But Ben pointed to the food processor shining powerfully in a corner of the counter. “You pour it in there, hit the button, go do a load of laundry or something and when you come back, presto! Butter. You add a little salt, pat it into shape—” Ben made a snowball-making motion with his hands “—wrap it in some plastic and throw it in the freezer.

That’s all there is to it.”

“Hmmm.” Maria still looked skeptical. “I don’t have to bake bread, do I?”

“Do you know how?”

Maria nodded.

“Well, as much as I love fresh-baked bread, I don’t expect that.” He pushed away from the counter. “Follow me.” He waited while Maria slid the cobbler into the heated oven, then led her into the large pantry off of the kitchen. “I don’t know if you had a chance to explore in here yet, but I think you’ll find enough to feed a small army.” He walked over to the three freezers lining one wall and lifted the lid on each, leaving them propped open for her to peer in.

“Wow!” Maria exclaimed. One freezer was completely filled with meat, identical white-wrapped packages with words printed in black marker identifying the contents. One freezer contained fruits and vegetables, and the last freezer had several dozen loaves of store-bought bread, homemade pies and cakes and enough TV dinners to last for months.

“Didn’t you tell Vergie I knew how to cook?” Maria asked, indicating the alphabetically stacked TV dinners.

“Vergie believes in being well-prepared for any emergency.” He gave each lid a push closed. “I know it looks like a lot but we’re pretty isolated here in the winter. The main road is a mess when it snows so we try not to go into town more than once every couple of weeks or so.”

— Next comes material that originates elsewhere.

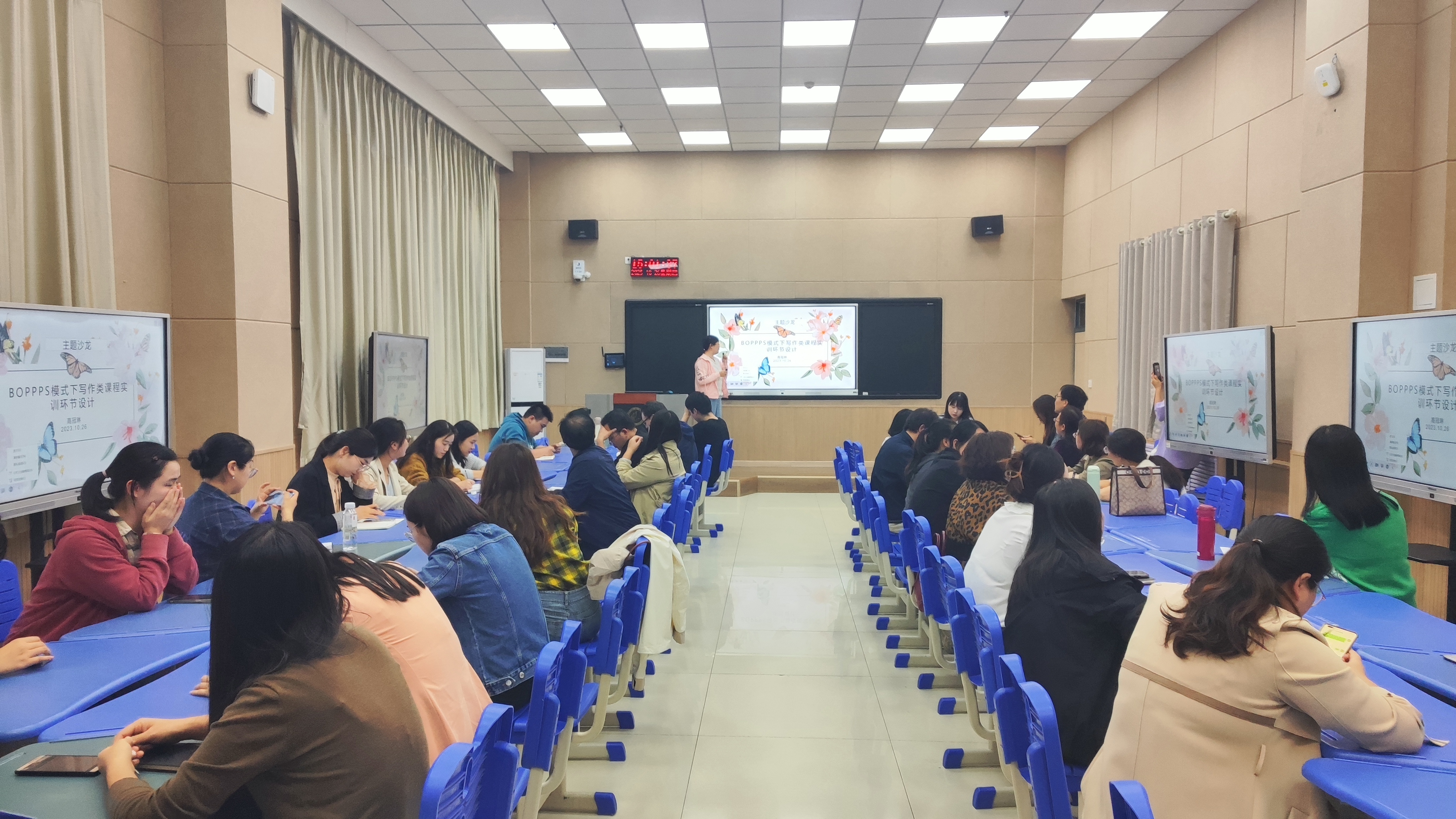 为提高高校教师对BOPPPS教学模式的理解运用能力,提升课堂教学质量,10月26日,公司在图书馆L207举办“BOPPPS模式下写作类课程实训环节设计”主题沙龙,公司青年教师高冠琳主讲,公司2023年新进教师、公司全体教师和其他公司教师代表60余人参加。

They went back to the kitchen. “I don’t think you’ll have any trouble getting the hang of things,” Ben told her. “But you be sure to ask if you need anything.” He looked down at her standing beside him and frowned as he realized again just how small she was in spite of the way she’d wielded the hoe in the garden. “It’s hard work, you know.”

“Vergie managed.”

“She’s strong as an ox.”

“When’s the last time you spent a summer in Phoenix?”

“You couldn’t pay me enough,” Ben said flatly.

“Exactly. This is going to be like a summer vacation for me.”

Just then the kitchen began to reverberate with the pulsing thrum of music coming from above their heads; the bass notes throbbed so violently Ben could feel them through the soles of his feet.

“Ah, yes, summer vacation.” Ben sighed, deep and heavy.

Maria smiled. “I guess I better help the kids finish the garden,” she said. “I’ll get them some supper, then I’ll be back to fix something for you and Connor. What time do you usually eat?”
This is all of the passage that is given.